Potency comparisons between ENFLONSIA and ISOFLURANE depend on the specific clinical indication. These are both Inhalational Anesthetic agents and are not directly interchangeable by dose. A physician or clinical pharmacist should guide any therapeutic switching decisions.

3. What is the standard dosing for ENFLONSIA vs ISOFLURANE?

The standard adult dose of ENFLONSIA is: 10 mg orally twice daily for 12 weeks; if tolerated and response inadequate, may increase to 20 mg twice daily.. The standard adult dose of ISOFLURANE is: Induction: 1-3% in oxygen or oxygen/nitrous oxide mixture via inhalation; Maintenance: 0.5-2% in oxygen or oxygen/nitrous oxide mixture via inhalation.. Dosing should always be individualized based on indication, renal and hepatic function, age, and other patient factors.

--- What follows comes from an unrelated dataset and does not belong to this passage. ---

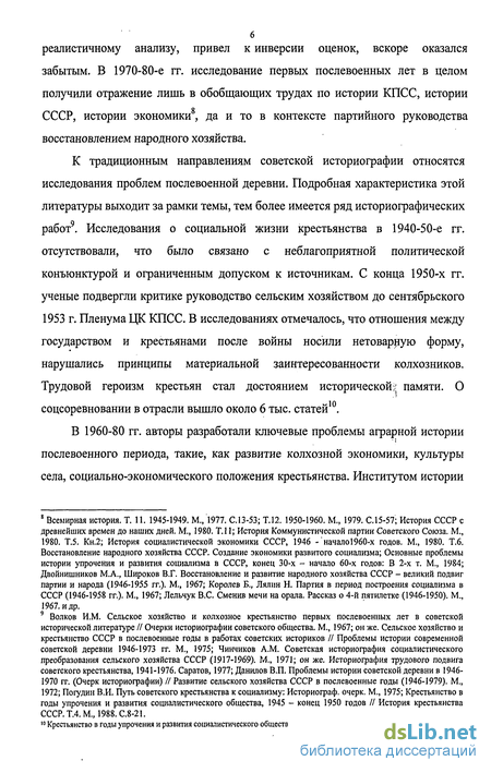 К традиционным направлениям советской историографии относятся исследования проблем послевоенной деревни. Подробная характеристика этой литературы выходит за рамки темы, тем более имеется ряд историографических работ9. Исследования о социальной жизни крестьянства в 1940-50-е гг. отсутствовали, что было связано с неблагоприятной политической конъюнктурой и ограниченным допуском к источникам. С конца 1950-х гг. ученые подвергли критике руководство сельским хозяйством до сентябрьского 1953 г. Пленума ЦК КПСС. В исследованиях отмечалось, что отношения между государством и крестьянами после войны носили нетоварную форму, нарушались принципы материальной заинтересованности колхозников. Трудовой героизм крестьян стал достоянием исторической;; памяти. О соцсоревновании в отрасли вышло около 6 тыс. статей10.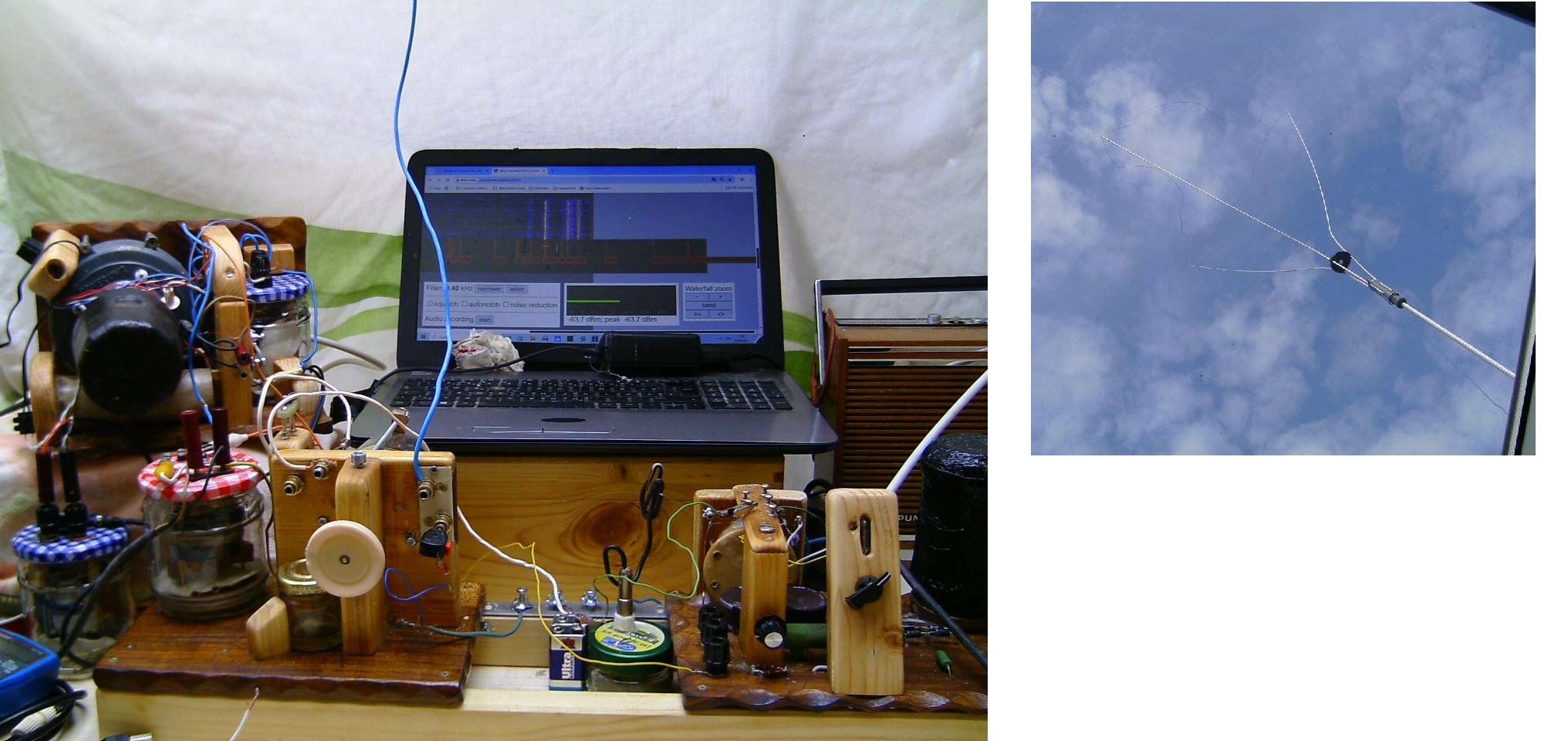Als Detektor diente übrigens der "Büroklammer-Selenzellen-Detektor", mit ihm hat man die schmalste HF-Bandbreit und er demoduliert die chinesischen KW-Signale nicht, die abends sporadisch bei der Schottky im Hintergrund hörbar sind, wenn die viel zu kleine Antenne hier Resonanz hat.

4. Can you take ENFLONSIA and ISOFLURANE together?

No direct drug-drug interaction has been formally documented between ENFLONSIA and ISOFLURANE in current clinical databases. However, individual patient risk factors including other medications, organ function, and comorbidities should always be evaluated by a qualified healthcare provider.

5. Are ENFLONSIA and ISOFLURANE safe during pregnancy?

The maternal-fetal safety profiles differ. ENFLONSIA is classified as Category C. ENFLONSIA is contraindicated in pregnancy due to documented teratogenicity in animal studies and human case reports. First trimester exposure is associated with major congenital ma. ISOFLURANE is classified as Category C. Isoflurane is not associated with major congenital malformations but may cause fetal depression, especially during third trimester. Avoid elective use until after delivery.. Always consult a maternal-fetal medicine specialist before taking either drug during pregnancy or lactation.